Six patients received L-arginine and two saline infusions. There were no deaths in either group. There were no changes in mean systolic (SBP) and diastolic blood pressure (DBP) or other vital signs with L-arginine, although a transient but clinically unimportant mean maximal decrease in SBP of 14 mmHg was noted. No significant changes in mean potassium, glucose, bicarbonate, or pH were seen, with transient mean maximal increases in plasma potassium of 0.3 mmol/L, and mean maximal decreases in blood glucose of 0.8 mmol/L and bicarbonate of 2.3 mEq/L following L-arginine administration.

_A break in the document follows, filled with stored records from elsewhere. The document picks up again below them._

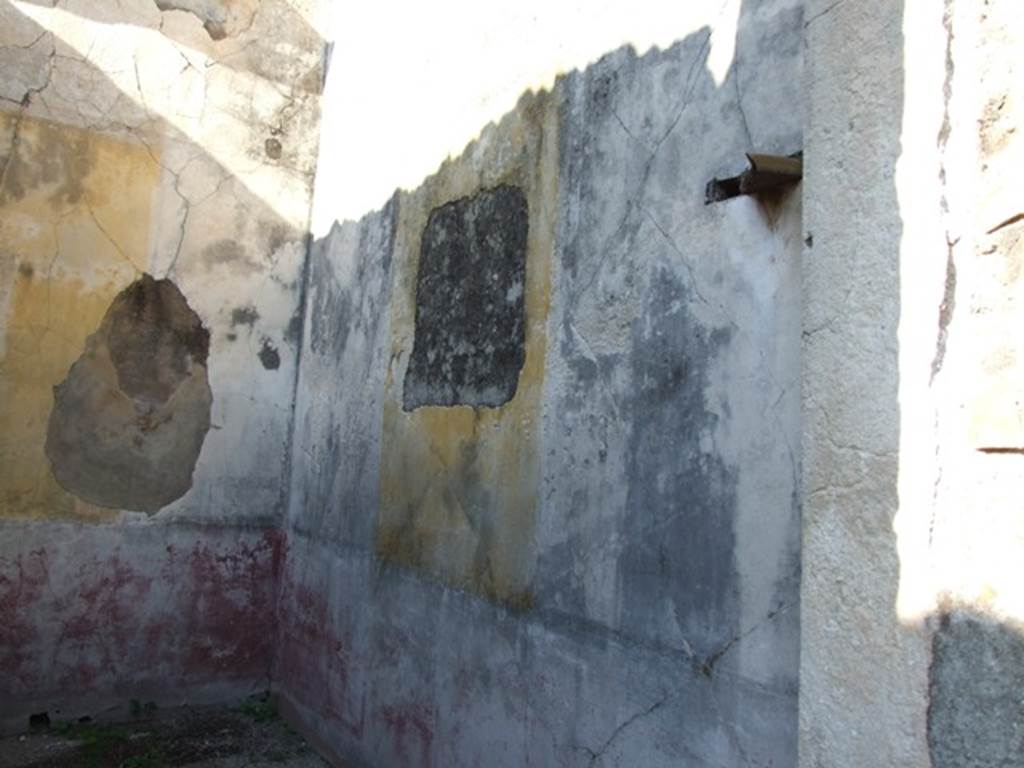 VII.4.31 Pompeii.  March 2009.  Room 22.  West wall. The central wall painting was a Mythological Landscape showing Polyphemus, looking out to sea at his beloved Galatea.  Painting now in Naples Museum.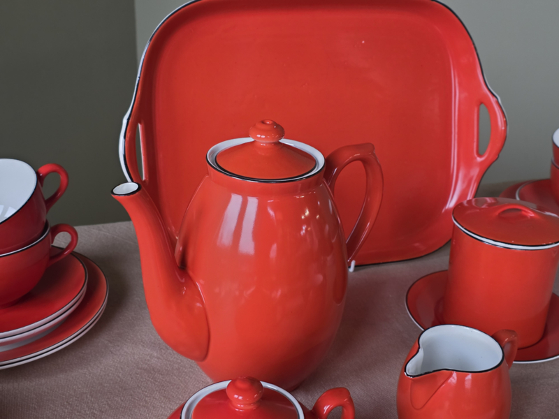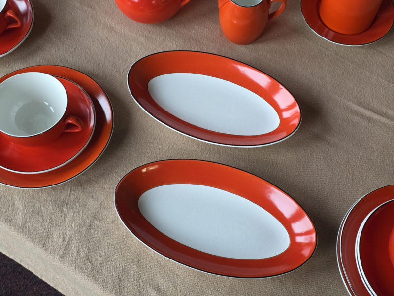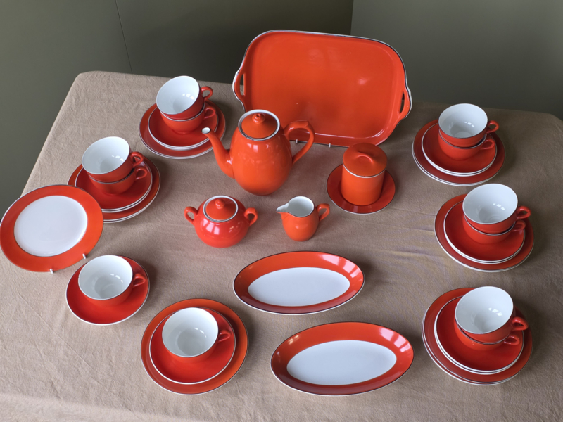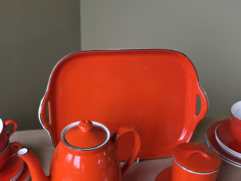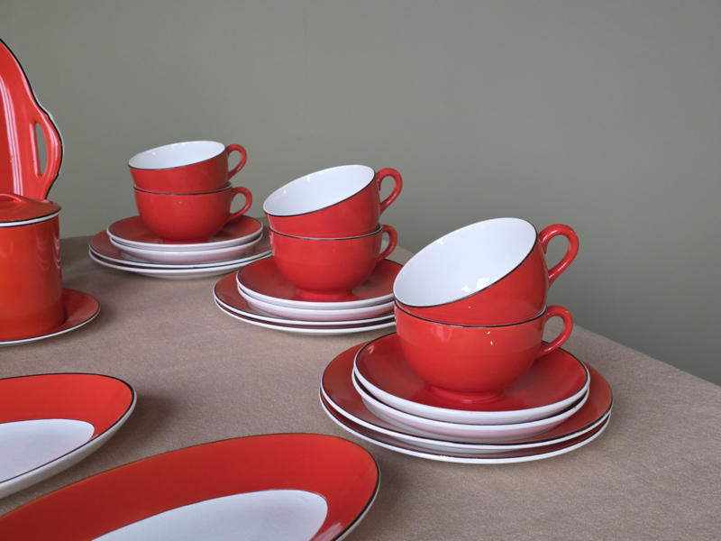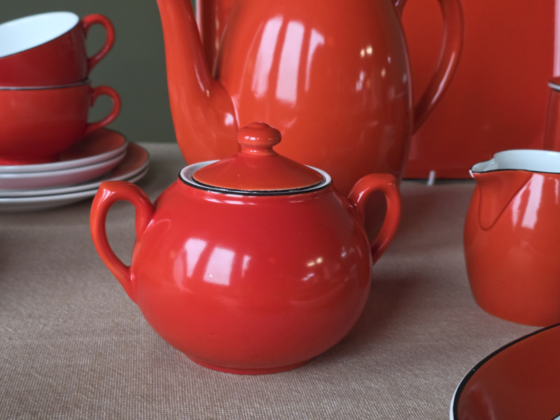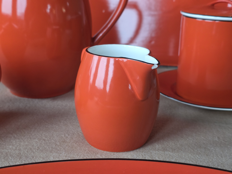 Het servies is mooie staat, er kan craquelee aanwezig zijn. Het roomkannetje heeft een chipje aan de tuit. De kleur is een prachtige oranje-rood tint.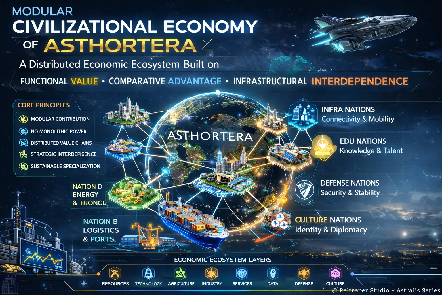 The Asthortera economic system operates as a modular civilizational architecture where each nation contributes specialized capabilities. Unlike monolithic legacy economies, Asthortera functions as a distributed economic ecosystem built on functional value, comparative advantage, and infrastructural interdependence.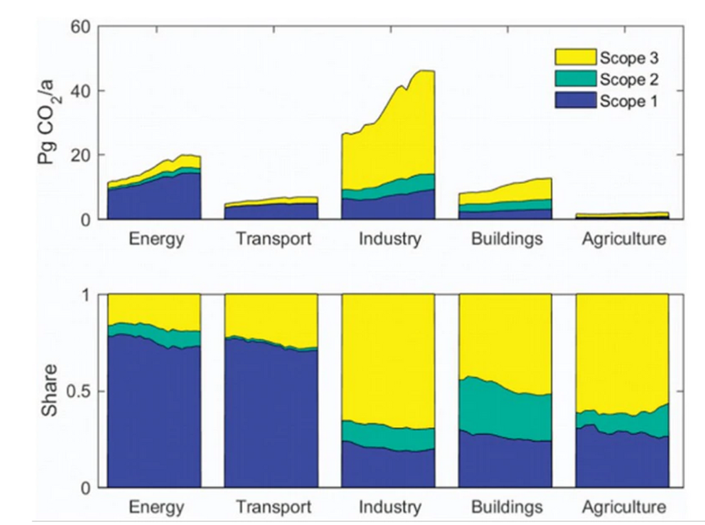 Scopes 1-3 emissions of the five IPCC sections over the period 1995-2015, calculated using EXIOBASE 3
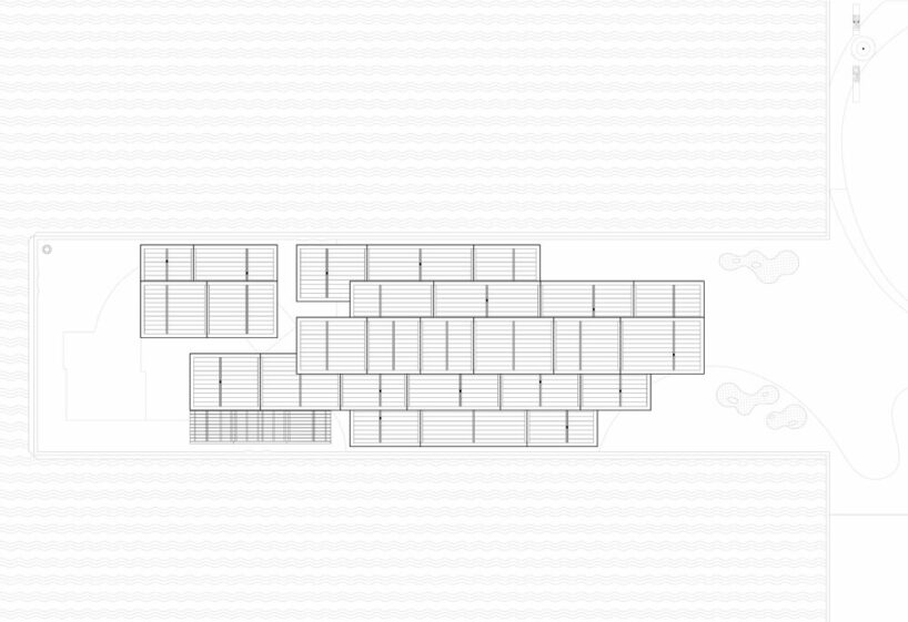 the project sits like a ring placed over the terrain, with its funnel-like roof forming a shaded perimeter walkway and an introverted core.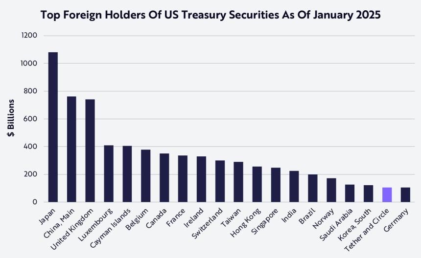 过去几年,尽管拜登政府对数字资产持负面态度,稳定币市场仍持续飙升。在加密市场剧烈波动的背景下,稳定币发行方悄然成为了全球最大的美债持有者之一,如下所示:

There was no effect on lactate clearance or RH-PAT index. Pharmacokinetic modelling (n = 4) showed L-arginine concentrations 40% lower than predicted from models developed in MSM.

CONCLUSION

In the first clinical trial of an adjunctive treatment aimed at increasing NO bioavailability in severe malaria, L-arginine infused at 12 g over 8 hours was safe, but did not improve lactate clearance or endothelial NO bioavailability. Future studies may require increased doses of L-arginine.

TRIAL REGISTRATION

ClinicalTrials.gov NCT00616304.

摘要

背景

一氧化氮(NO)减少和低精氨酸血症与严重疟疾有关,可能导致严重疾病。静脉内给予 L-精氨酸可增加中度严重疟疾(MSM)中的内皮 NO,而无不良反应。尚未评估 L-精氨酸或其他提高严重疟疾中 NO 生物利用度的药物在安全性、疗效和药代动力学方面的情况。

方法

在一项严重疟疾成人患者中 L-精氨酸的开放性试验(ARGSISM-1 研究)中,患者随机分为在 8 小时内输注 12 g L-精氨酸盐酸盐或生理盐水,同时静脉内给予青蒿琥酯。连续评估生命体征、选定的生化指标(包括血乳酸和 L-精氨酸)和内皮 NO 生物利用度(使用反应性充血外周动脉张力测定法 [RH-PAT])。使用 NONMEM 进行 L-精氨酸浓度的药代动力学分析。

结果

6 名患者接受了 L-精氨酸治疗,2 名患者接受了生理盐水治疗。两组均无死亡病例。虽然观察到收缩压(SBP)和舒张压(DBP)或其他生命体征的平均 SBP 短暂但临床意义不大的最大下降 14 mmHg,但 L-精氨酸治疗后 SBP 无明显变化。血钾、血糖、碳酸氢盐或 pH 值无显著变化,仅观察到短暂的血钾平均最大升高 0.3 mmol/L,血糖平均最大下降 0.8 mmol/L 和碳酸氢盐平均最大下降 2.3 mEq/L。对乳酸清除率或 RH-PAT 指数无影响。药代动力学模型(n = 4)显示 L-精氨酸浓度比在 MSM 中开发的模型预测值低 40%。

结论

在严重疟疾中增加 NO 生物利用度的辅助治疗的首次临床试验中,在 8 小时内输注 12 g L-精氨酸是安全的,但并未改善乳酸清除率或内皮 NO 生物利用度。未来的研究可能需要增加 L-精氨酸的剂量。

试验注册

ClinicalTrials.gov NCT00616304。